*** RECORDS TO USE ***

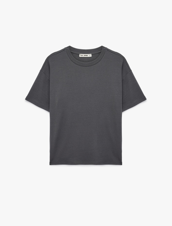 Kısa Kollu Bisiklet Yaka Modal Karışımlı Basic Oversize Tişört Sepete Ekle
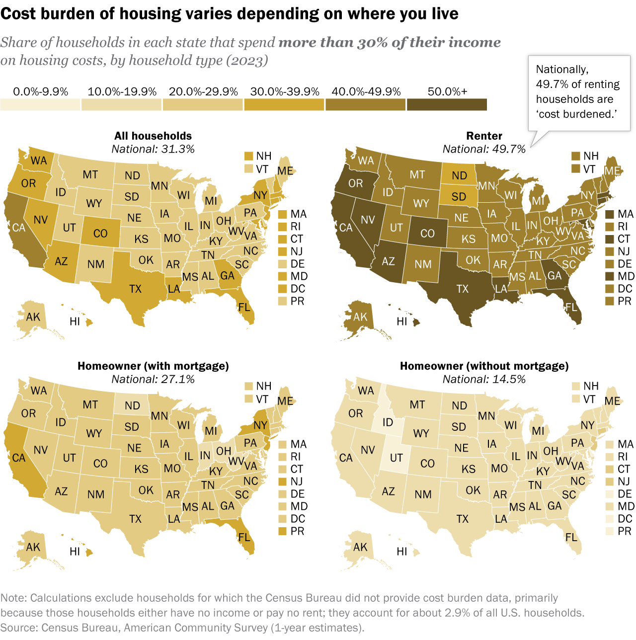 Throughout Green’s post, he pointed to the debilitating cost of shelter, and he’s right. More than half of renting households are spending over 30% of their household income on rent, and more than a quarter are spending over half of their household income on rent.
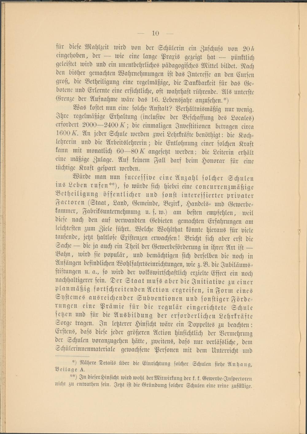 für diese Mahlzeit wird von der Schülerin ein Zuschuss von 20/, eingehoben, der — wie eine lange Praxis gezeigt hat — pünktlich geleistet wird und ein unentbehrliches pädagogisches Mittel bildet. Nach den bisher gemachten Wahrnehmungen ist das Interesse an den Cursen groß, die Betheiligung eine regelmäßige, die Dankbarkeit sür das Gebotene und Erlernte eine ersichtliche, oft wahrhaft rührende. Als unterste Grenze der Ausnahme wäre das 16. Lebensjahr anzusehen.*)
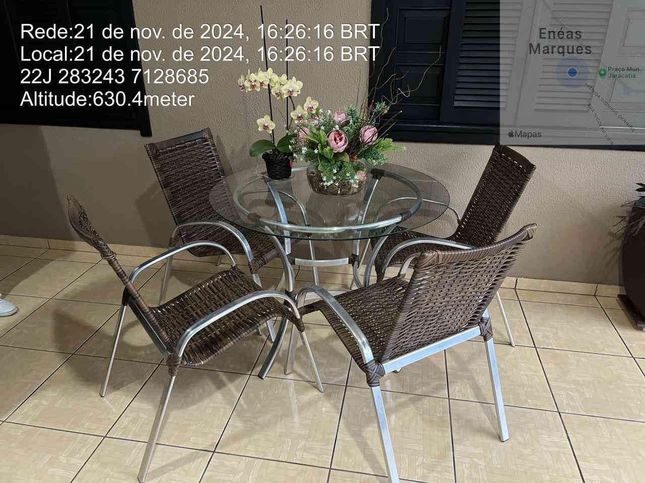 UMA MESA REDONDA COM TAMPO DE VIDRO E QUATRO CADEIRAS.
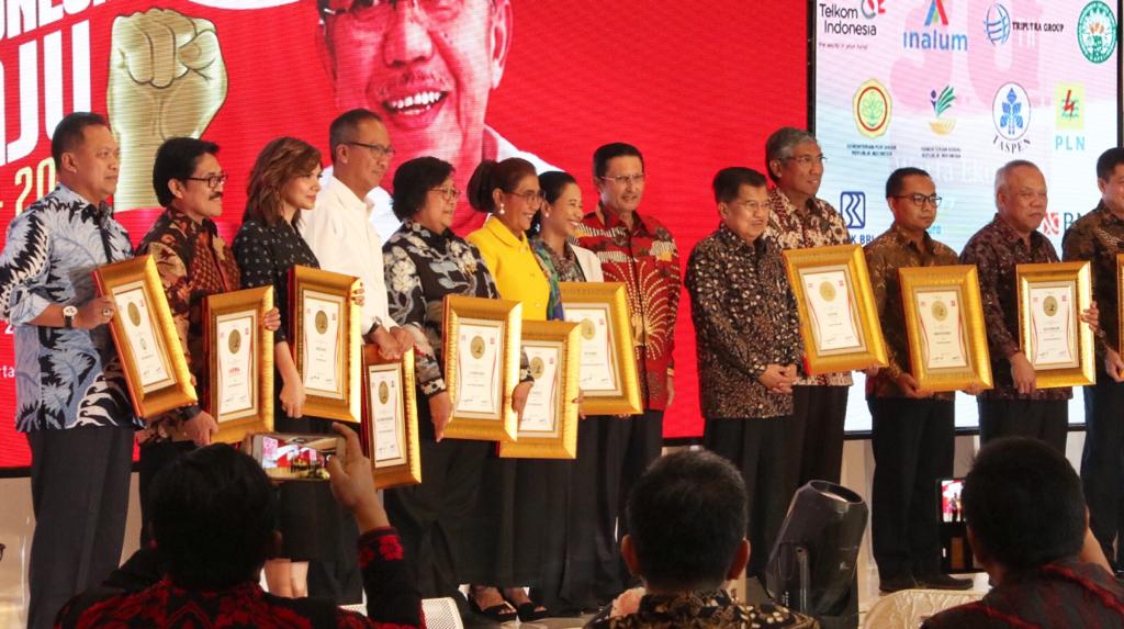 Menteri LHK Siti Nurbaya menerima penghargaan Anugerah Indonesia Maju 2018-2019 untuk kategori Tokoh Reformasi Kehutanan Rakyat. Penghargaan tersebut diberikan secara langsung oleh Wakil Presiden RI J...
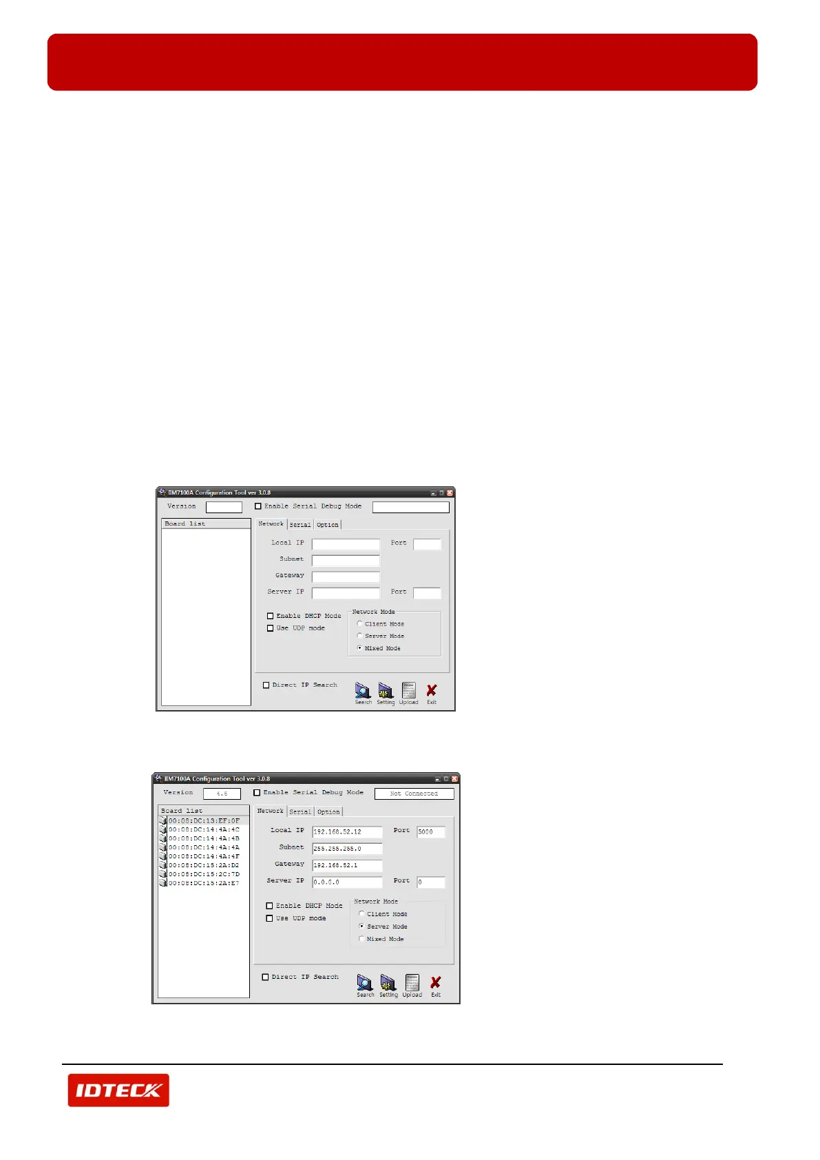 Module(IIM7100) setting program(IIM100A Configuration Tool) to set information for Network and Serial
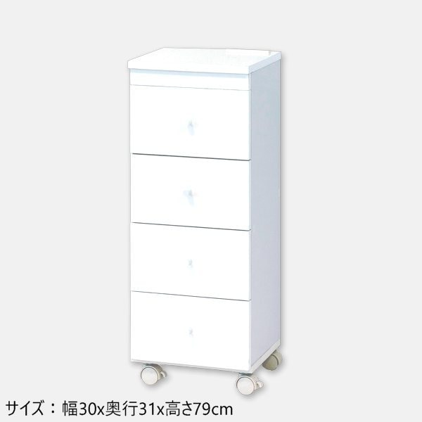 スリムキャスターワゴン W30 4段収納 幅30cm
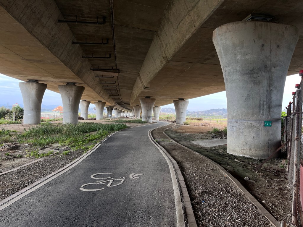 Als ich dann wirklich ins Landesinnere abbiegen muss, wird es schwierig. 16 Uhr, und Maps verspricht, dass ich noch gute zweieinhalb Stunden unterwegs sein darf. Die Abstecher zu interessanten Orten kann ich mir wohl abschminken, jetzt geht es nur noch um Effizienz. Ein Hostel sollte ich mir vielleicht auch noch buchen, zum Glück gibt es davon in den Großstädten immer billige. Für 700$TD (19€) für zwei Nächte komme ich sogar im Zentrum unter. Vorausgesetzt, ich schaffe es in die Stadt. Prinzipiell ist die Strecke hier nicht schlecht, es geht mehrheitlich über hochgestelzte Straßen über Felder hinweg. Genau genommen könnten auch die Felder abgesenkt worden sein, wer weiß das schon so genau. Das Fahren selbst ist aber ordentlich anstrengend. Entweder habe ich Gegenwind oder die Neigung der Strecke ist steiler als gedacht. Google sorgt regelmäßig für Umwege, etwa wenn mir nahegelegt wird, einfach auf die THSR-Strecke abzubiegen. Ich bekomme sogar einen vorbeischnellenden Schnellzug aufs Bild. Was sich schlecht einfangen lässt, aber wirklich wunderschön ist, sind die ganzen kleinen Vögel, die sich auf den allgegenwärtigen Stromleitungen sammeln und im zunehmend abendlichen Sonnenlicht mal hier, mal dort hinlebt flattern.
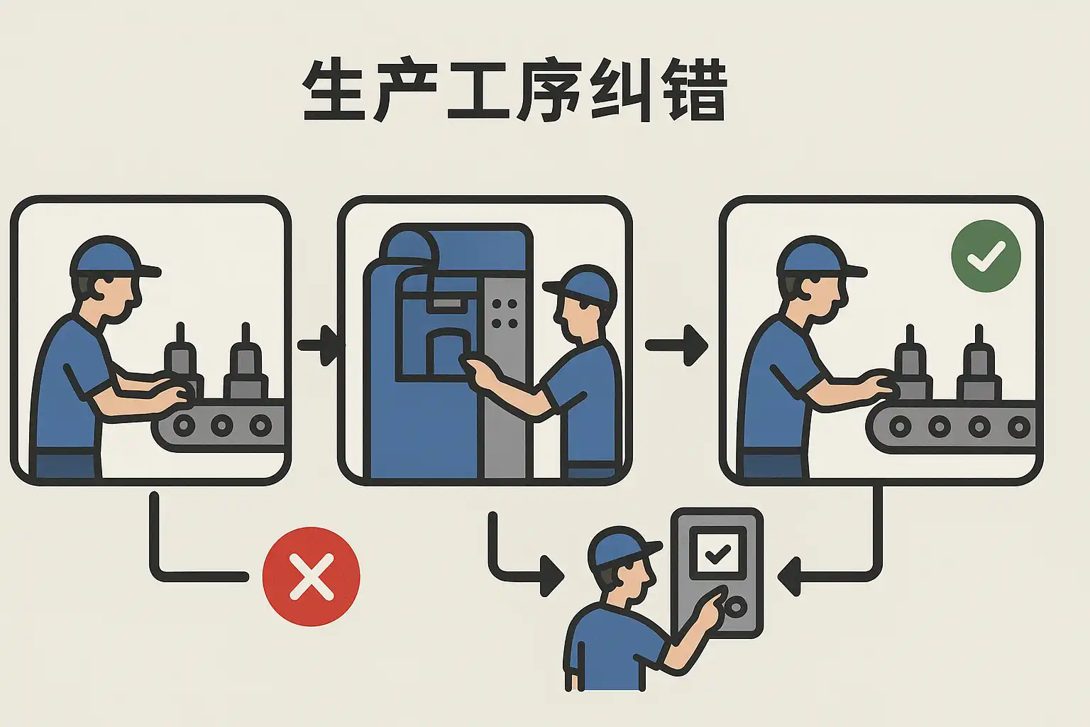 哪些工具或技术可以辅助生产工序的错误纠正?
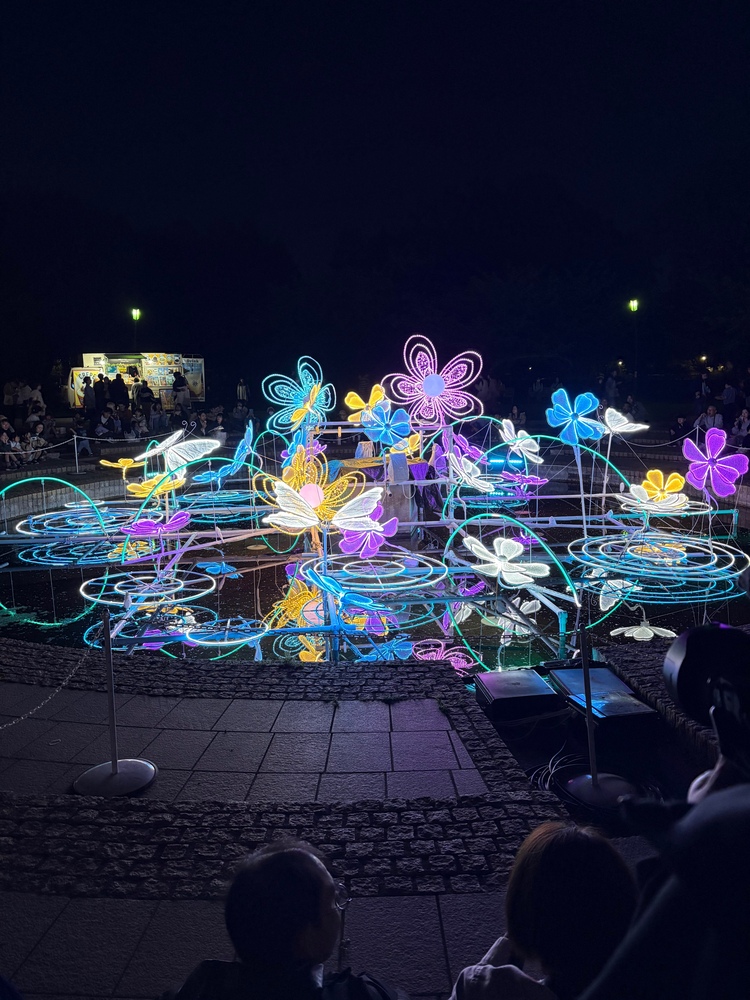 話題のネモフィラソフトは、長蛇の列で諦めでしたが、光と音のイルミネーションも正面から観賞できてとても贅沢な時間となりました。

*** End of RECORDS TO USE ***

**REQUIRED ACTION**
Wherever an image appears, omit it, and retype everything else in the entries exactly.

**PROBLEM SOLUTION**
 Kısa Kollu Bisiklet Yaka Modal Karışımlı Basic Oversize Tişört Sepete Ekle
 Throughout Green’s post, he pointed to the debilitating cost of shelter, and he’s right. More than half of renting households are spending over 30% of their household income on rent, and more than a quarter are spending over half of their household income on rent.
 für diese Mahlzeit wird von der Schülerin ein Zuschuss von 20/, eingehoben, der — wie eine lange Praxis gezeigt hat — pünktlich geleistet wird und ein unentbehrliches pädagogisches Mittel bildet. Nach den bisher gemachten Wahrnehmungen ist das Interesse an den Cursen groß, die Betheiligung eine regelmäßige, die Dankbarkeit sür das Gebotene und Erlernte eine ersichtliche, oft wahrhaft rührende. Als unterste Grenze der Ausnahme wäre das 16. Lebensjahr anzusehen.*)
 UMA MESA REDONDA COM TAMPO DE VIDRO E QUATRO CADEIRAS.
 Menteri LHK Siti Nurbaya menerima penghargaan Anugerah Indonesia Maju 2018-2019 untuk kategori Tokoh Reformasi Kehutanan Rakyat. Penghargaan tersebut diberikan secara langsung oleh Wakil Presiden RI J...
 Module(IIM7100) setting program(IIM100A Configuration Tool) to set information for Network and Serial
 スリムキャスターワゴン W30 4段収納 幅30cm
 Als ich dann wirklich ins Landesinnere abbiegen muss, wird es schwierig. 16 Uhr, und Maps verspricht, dass ich noch gute zweieinhalb Stunden unterwegs sein darf. Die Abstecher zu interessanten Orten kann ich mir wohl abschminken, jetzt geht es nur noch um Effizienz. Ein Hostel sollte ich mir vielleicht auch noch buchen, zum Glück gibt es davon in den Großstädten immer billige. Für 700$TD (19€) für zwei Nächte komme ich sogar im Zentrum unter. Vorausgesetzt, ich schaffe es in die Stadt. Prinzipiell ist die Strecke hier nicht schlecht, es geht mehrheitlich über hochgestelzte Straßen über Felder hinweg. Genau genommen könnten auch die Felder abgesenkt worden sein, wer weiß das schon so genau. Das Fahren selbst ist aber ordentlich anstrengend. Entweder habe ich Gegenwind oder die Neigung der Strecke ist steiler als gedacht. Google sorgt regelmäßig für Umwege, etwa wenn mir nahegelegt wird, einfach auf die THSR-Strecke abzubiegen. Ich bekomme sogar einen vorbeischnellenden Schnellzug aufs Bild. Was sich schlecht einfangen lässt, aber wirklich wunderschön ist, sind die ganzen kleinen Vögel, die sich auf den allgegenwärtigen Stromleitungen sammeln und im zunehmend abendlichen Sonnenlicht mal hier, mal dort hinlebt flattern.
 哪些工具或技术可以辅助生产工序的错误纠正?
 話題のネモフィラソフトは、長蛇の列で諦めでしたが、光と音のイルミネーションも正面から観賞できてとても贅沢な時間となりました。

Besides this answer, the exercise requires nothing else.